List:Internals« Previous MessageNext Message »
From:Paul DuBois Date:October 18 2002 4:20pm
Subject:Question about CONVERT(str,charset_to,charset_from)
View as plain text  
I've been puzzling over this patch, which implements a form of the
CONVERT() function.  I can see that this can be useful for specifying
the destination character set as a string expression rather than as
an unquoted character set name.  But I'm wondering why the second argument
is necessary at all.  Strings have a charset already, why do you have
to specify what it is?


At 19:11 +0400 3/29/02, bar@stripped wrote:
>Below is the list of changes that have just been committed into a
>4.1 repository of bar. When bar does a push, they will be propogated to
>the main repository and within 24 hours after the push to the public 
>repository.
>For information on how to access the public repository
>see http://www.mysql.com/doc/I/n/Installing_source_tree.html
>
>ChangeSet
>   1.1178 02/03/29 19:11:06 bar@stripped +3 -0
>   Now this syntax works too:  CONVERT(string,charset_to,charset_from)
>   where charset_to and charset_from are expressions.

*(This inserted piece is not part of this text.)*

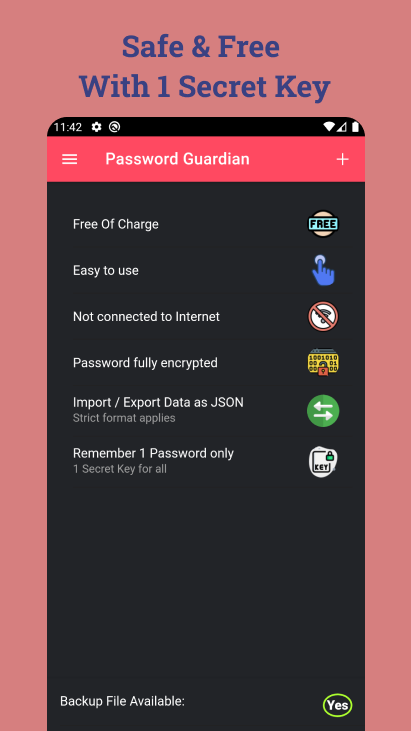 একটি সম্পূর্ণ নিরাপদ এবং এনক্রিপ্টযুক্ত অ্যাপ্লিকেশন যা আপনাকে আপনার পাসওয়ার্ডটি আপনার নাগালের মধ্যে নিরাপদে রাখতে দেয়।
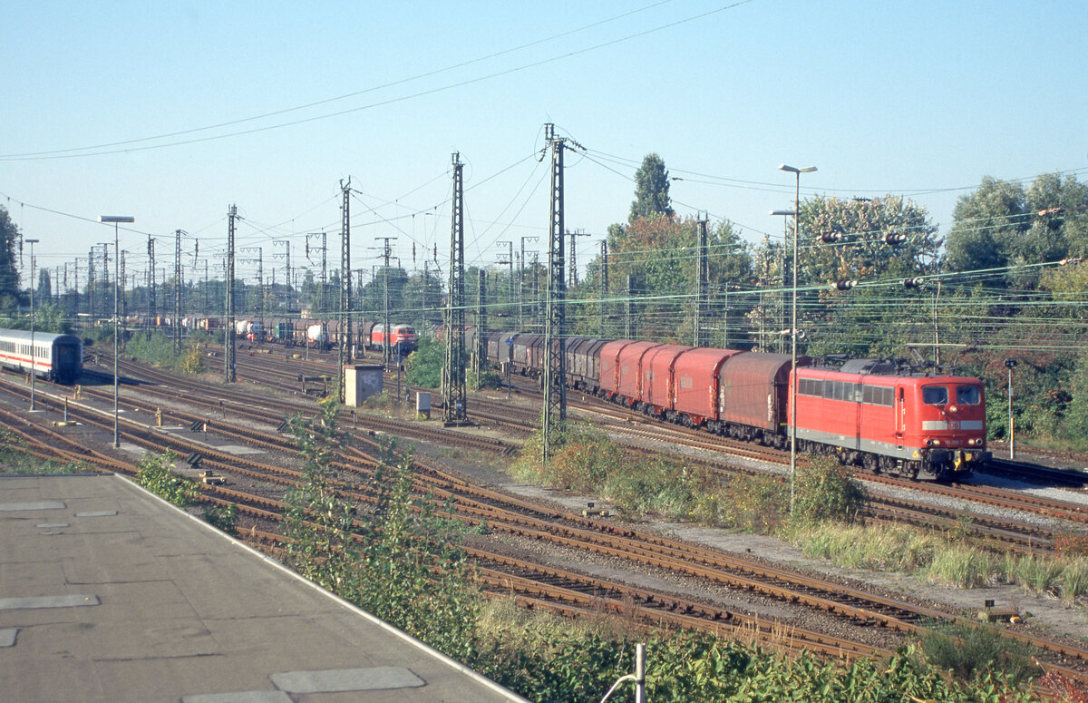 Blick auf den Bahnhof Emmerich. DB 151 095 verlässt den Bf mit Zug 45121 (Beverwijk H - Hagen Vorhalle). 15.10.2003. Scanbild 8816, Fujichrome100.

For example:
>
>   CONVERT('test','latin2','cp1250')
>
>   sql/sql_yacc.yy
>     1.155 02/03/29 19:11:05 bar@stripped +4 -0
>     Now this syntax works too:  CONVERT(string,charset_to,charset_from)
>
>   sql/item_strfunc.h
>     1.18 02/03/29 19:11:04 bar@stripped +10 -0
>     Now this syntax works too:  CONVERT(string,charset_to,charset_from)
>
>   sql/item_strfunc.cc
>     1.42 02/03/29 19:11:04 bar@stripped +73 -0
>     Now this syntax works too:  CONVERT(string,charset_to,charset_from)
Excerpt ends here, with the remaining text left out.